Marginal association of fasting blood glucose with the risk of cystic fibrosis-related diabetes

Abstract

ObjectivesCystic fibrosis-related diabetes (CFRD) may be diagnosed by fasting blood glucose ≥ 7.0 mmol/L and/or glucose ≥ 11.1 mmol/L following oral glucose tolerance test (OGTT). We compared the role of fasting and stimulated glucose for diagnosis of CFRD. MethodsWe performed a cross-sectional review of the prevalence of fasting glycemic abnormalities and Kaplan-Meier survival analysis of risk of progression to CFRD according to baseline fasting glucose in the prospective Montreal Cystic Fibrosis Cohort.
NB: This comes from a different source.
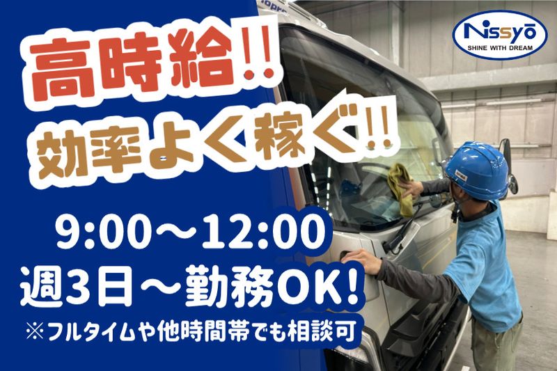 【アピールポイント】 【新車トラック磨きの専門スタッフ募集】 ■9~12時、週3日~勤務OK ■車好きな方必見!特殊車両も担当できる ■体を程よく鍛えたい方にもオススメの仕事

ResultsIsolated fasting hyperglycemia was detected in only 8% of participants at study onset. Eighty percent of subjects had isolated post-challenge hyperglycemia on their first OGTT meeting criteria for CFRD. Kaplan Meier survival analysis demonstrated that impaired fasting glucose (IFG) alone is not a risk factor for CFRD. Subjects with combined IFG and impaired glucose tolerance at baseline (IGT) had the highest risk of progression to CFRD. ConclusionPost-prandial elevations in blood glucose are more common at diagnosis of CFRD. While IGT is a significant risk factor for CFRD, IFG alone is uncommon and does not increase the risk of CFRD. Patients with both IGT and IFG have the highest risk of CFRD.